- _Source information_
*** Block opens ***

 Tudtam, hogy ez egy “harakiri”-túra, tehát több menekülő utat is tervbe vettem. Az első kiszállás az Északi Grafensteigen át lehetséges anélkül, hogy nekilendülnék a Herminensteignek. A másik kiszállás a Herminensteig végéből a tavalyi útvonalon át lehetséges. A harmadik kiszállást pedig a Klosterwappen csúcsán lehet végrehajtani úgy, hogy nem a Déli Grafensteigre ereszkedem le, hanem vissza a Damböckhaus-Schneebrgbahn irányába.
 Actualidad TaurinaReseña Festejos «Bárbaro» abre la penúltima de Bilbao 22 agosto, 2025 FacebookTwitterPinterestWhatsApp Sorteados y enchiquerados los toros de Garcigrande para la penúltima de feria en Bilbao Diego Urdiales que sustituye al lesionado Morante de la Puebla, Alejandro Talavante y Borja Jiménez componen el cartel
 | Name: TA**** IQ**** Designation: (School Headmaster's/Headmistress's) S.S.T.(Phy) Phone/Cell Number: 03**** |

*** Block closes ***
*** Block opens ***

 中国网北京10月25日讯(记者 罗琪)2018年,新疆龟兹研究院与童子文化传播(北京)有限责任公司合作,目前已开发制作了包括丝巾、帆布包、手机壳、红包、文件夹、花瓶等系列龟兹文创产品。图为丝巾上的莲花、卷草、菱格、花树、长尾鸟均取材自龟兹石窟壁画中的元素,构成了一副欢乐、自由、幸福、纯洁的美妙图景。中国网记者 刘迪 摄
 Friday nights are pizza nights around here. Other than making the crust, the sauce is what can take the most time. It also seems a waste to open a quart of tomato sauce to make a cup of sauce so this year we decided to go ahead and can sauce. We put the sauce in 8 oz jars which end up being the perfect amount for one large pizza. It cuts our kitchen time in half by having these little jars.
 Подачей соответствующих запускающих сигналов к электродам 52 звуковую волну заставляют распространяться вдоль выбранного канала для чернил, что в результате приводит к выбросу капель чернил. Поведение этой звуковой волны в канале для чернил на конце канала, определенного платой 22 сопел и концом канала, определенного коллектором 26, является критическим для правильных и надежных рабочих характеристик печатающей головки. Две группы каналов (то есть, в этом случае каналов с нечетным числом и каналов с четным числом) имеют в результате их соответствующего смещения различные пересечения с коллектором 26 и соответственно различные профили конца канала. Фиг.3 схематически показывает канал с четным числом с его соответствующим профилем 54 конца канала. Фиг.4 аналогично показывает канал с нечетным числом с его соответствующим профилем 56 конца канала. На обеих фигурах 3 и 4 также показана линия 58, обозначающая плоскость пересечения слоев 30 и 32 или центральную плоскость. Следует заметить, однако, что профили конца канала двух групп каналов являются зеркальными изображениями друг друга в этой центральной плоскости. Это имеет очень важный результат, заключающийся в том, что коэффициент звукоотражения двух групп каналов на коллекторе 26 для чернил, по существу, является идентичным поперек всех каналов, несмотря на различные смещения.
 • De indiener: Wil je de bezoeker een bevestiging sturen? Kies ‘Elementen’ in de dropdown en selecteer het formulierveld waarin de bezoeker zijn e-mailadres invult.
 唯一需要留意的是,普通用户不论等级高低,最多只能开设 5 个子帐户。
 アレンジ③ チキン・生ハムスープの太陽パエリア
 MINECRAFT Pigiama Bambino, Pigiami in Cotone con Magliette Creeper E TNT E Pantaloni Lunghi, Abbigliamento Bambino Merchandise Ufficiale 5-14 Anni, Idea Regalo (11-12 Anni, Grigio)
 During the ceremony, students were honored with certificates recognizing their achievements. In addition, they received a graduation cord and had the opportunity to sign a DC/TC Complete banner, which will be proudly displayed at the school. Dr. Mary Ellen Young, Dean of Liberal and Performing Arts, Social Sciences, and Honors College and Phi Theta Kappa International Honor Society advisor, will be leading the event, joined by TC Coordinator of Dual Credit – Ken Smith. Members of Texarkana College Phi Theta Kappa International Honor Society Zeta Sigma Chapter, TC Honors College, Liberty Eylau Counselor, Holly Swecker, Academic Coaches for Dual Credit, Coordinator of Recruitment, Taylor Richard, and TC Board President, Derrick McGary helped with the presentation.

*** Block closes ***

- _What you are asked to do_
Only lines holding the word "which" belong in the answer; copy each one from the material.

- _Answer below_
 Friday nights are pizza nights around here. Other than making the crust, the sauce is what can take the most time. It also seems a waste to open a quart of tomato sauce to make a cup of sauce so this year we decided to go ahead and can sauce. We put the sauce in 8 oz jars which end up being the perfect amount for one large pizza. It cuts our kitchen time in half by having these little jars.
 During the ceremony, students were honored with certificates recognizing their achievements. In addition, they received a graduation cord and had the opportunity to sign a DC/TC Complete banner, which will be proudly displayed at the school. Dr. Mary Ellen Young, Dean of Liberal and Performing Arts, Social Sciences, and Honors College and Phi Theta Kappa International Honor Society advisor, will be leading the event, joined by TC Coordinator of Dual Credit – Ken Smith. Members of Texarkana College Phi Theta Kappa International Honor Society Zeta Sigma Chapter, TC Honors College, Liberty Eylau Counselor, Holly Swecker, Academic Coaches for Dual Credit, Coordinator of Recruitment, Taylor Richard, and TC Board President, Derrick McGary helped with the presentation.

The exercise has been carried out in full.